ROBERT BLOOMFIELD: Someone with Asperger’s Syndrome. Right. [There are lots of great stories about people with Asperger’s, social phobias, drug dependencies and the like who have found Second Life incredibly helpful.]

PHILIP ROSEDALE: So it’s kind of like do you suppress one and then suppress all the others? We’ve really taken a pretty handsoff approach. Fundamentally, our media cycle, at least historically, has been driven more by people coming to us and saying, ”Hey, can you tell me more about this person or this activity or this content that I heard about?” And then, as a company, we try and facilitate that access. So sometimes we’ll take somebody from the media and we’ll introduce them to the best example of that content or whatever, something like that. So we’re sort of running around trying to make those connections inworld. But it’s such a big category, it’s such a big space, I almost don’t know. This happens a lot with Second Life. It’s almost like we wouldn’t have the manpower to police or monitor or control or even come up with a strategy that was much more.

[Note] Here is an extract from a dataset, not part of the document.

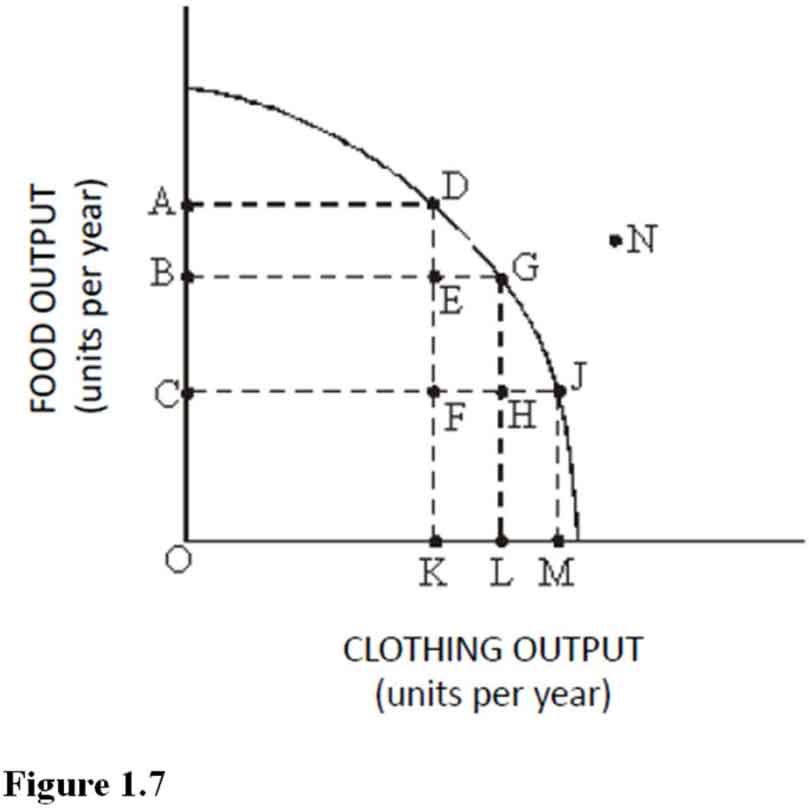 87. Refer to Figure 1.7. If this economy is currently producing at point F, then by employing more resources this economy ![]() A. Can move to point D, but not points G or J. B. Can move to points D, G, or J. C. Can move to point G, but not points D or J. D. Will remain at point F. | |

ROBERT BLOOMFIELD: Now Mark [Kingdon, the new CEO of Linden Lab] is more from communications and marketing, right? In his prior jobs, he was pretty active on that so maybe do you expect him

PHILIP ROSEDALE: His degree is in economics. Did you know that?

ROBERT BLOOMFIELD: No, I didn’t know that. But I was thinking of some of his prior work and the things I’ve heard. People speak very highly about his [work in marketing and communication.]

PHILIP ROSEDALE: I think the biggest thing that Mark does internally, and I think that that’s of course more of what I’ve seen thus far and what we’ve all seen, is how Mark works with everybody internally. He actually drives more internal communication and crosscommunication about what’s going on, and I think that’s great. I mean that’s something that you see people complain about in the community, that the Lindens aren’t talking to each other enough. Mark really pushes us to do more of that, which is great. He’s created more internal forms for communication than I did, and I think that’s really a good step, especially given our size now. So I think it’ll be a good trend. And I think that you will start to see it in the community as well. There have already been signs of that. You’ll see how I think he’ll lead us to communicate in richer and different, yeah, probably more varied ways with the community, with everybody that’s using it. Forward looking with our intentions on product.

ROBERT BLOOMFIELD: I’m sure the community would appreciate that.

PHILIP ROSEDALE: It’s funny. It’s always been a frustration because I always feel like, “Man! We’ve done our best. It’s such a huge project.” But I think that he’s going to have ideas and fresh ideas that I wouldn’t have had that’ll really help us.

If I were any good at public relations, this blog would have a lot more readers! Bettina , what do you think?